Question

A gaseous mixture containing $CO$, $C{H}_4$ and $N_2$ gas has total volume of 40 $mL$. This mixture is exploded with excess of oxygen, on cooling 30 $mL$ of contraction is observed and when this mixture is treated with aqueous $KOH$ a further contraction of 30 $mL$ is observed. Find the composition of the mixture in $mL$.

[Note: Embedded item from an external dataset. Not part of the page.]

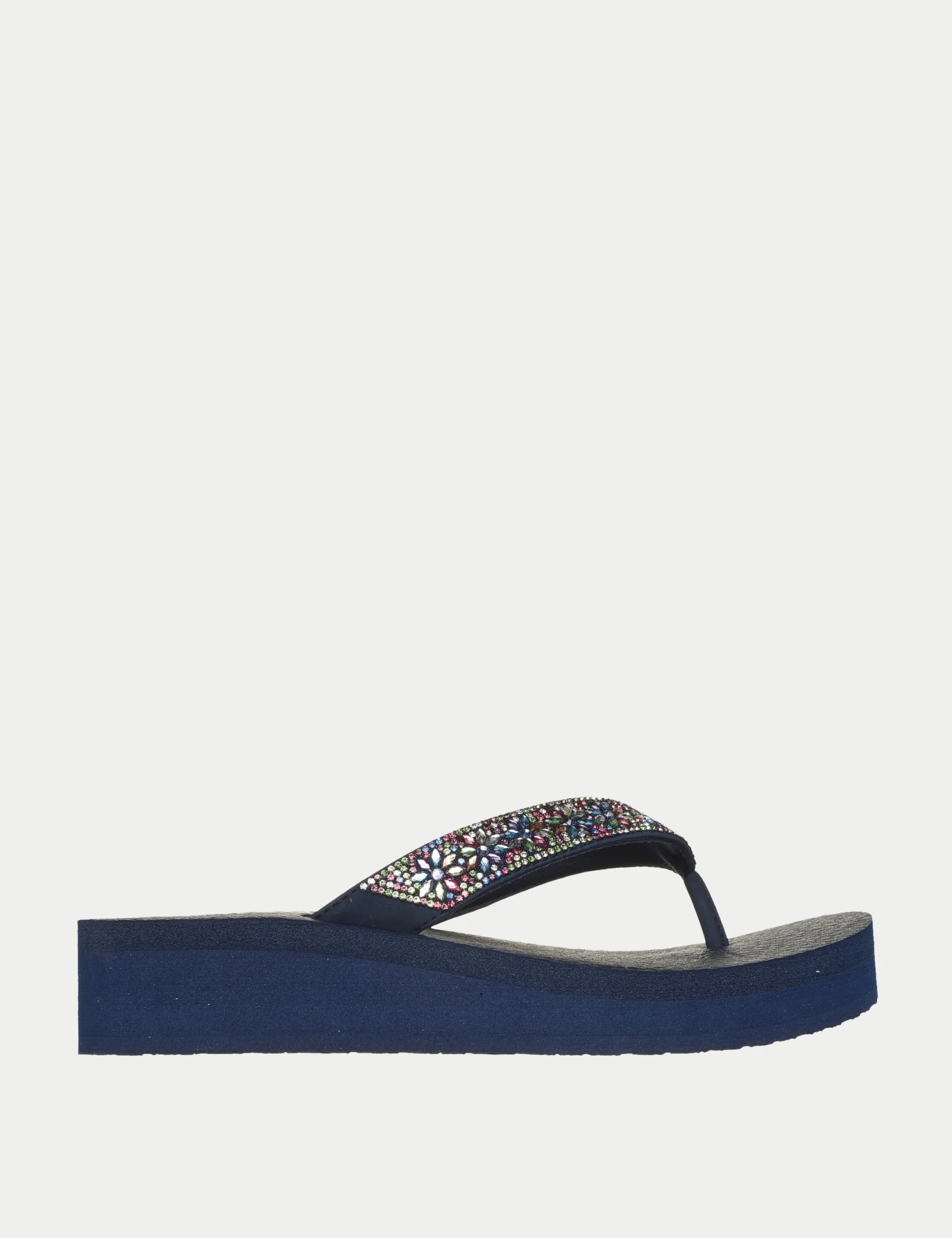 Put your best foot forward and step out on balmy days in these Cali® Vinyasa Wild Daisies flip flops from Skechers. This slip-on style features flower-patterned rhinestone detailing on the uppers for a pretty look. Chunky wedge heels with a cushioned Yoga Foam® comfort footbed ensure a light, bouncy feel.

• A. $CO=20,C{H}_4=10,N_2=10$
• B. $CO=15,C{H}_4=15,N_2=10$
• C. $CO=10,C{H}_4=15,N_2=15$
• D. $CO=20,C{H}_4=15,N_2=5$

Answer 1

The correct option is B $CO=15,C{H}_4=15,N_2=10$

Let volume of $CO,C{H}_4,N_2$ be x, y, z $mL$ respectively.
On explosion with excess of $O_2$ the following reaction takes place:
$\underset{xmL}{CO}\left(g\right)+\frac{1}{2}{O}_2\left(g\right)\to \underset{xmL}{C{O}_2}\left(g\right)$
$\underset{ymL}{C{H}_4}\left(g\right)+2O_2\left(g\right)\to \underset{ymL}{C{O}_2}\left(g\right)+\underset{2ymL}{2H_{2}O\left(g\right)}$
$N_2$ remains unreacted.
On cooling $H_{2}O$ gas liquifies hence, volume reduction of 30 $mL$ is observed.
$\therefore$ 2y = 30 $⟹$ y = 15
Volume of $C{H}_4$ = 15 $mL$
But volume of $C{O}_2$ = (x + y)
As we know $C{O}_2$ is absorbed on $KOH$ and volume reduction of 30 $mL$ is observed.
(x + y) = 30 $⟹$ x = 15 $mL$
Volume of $CO$ = 15 $mL$
$\because$ x + y+ z = 40 $mL$ $⟹$ z = 10 $mL$
Volume of $N_2$ = 10 $mL$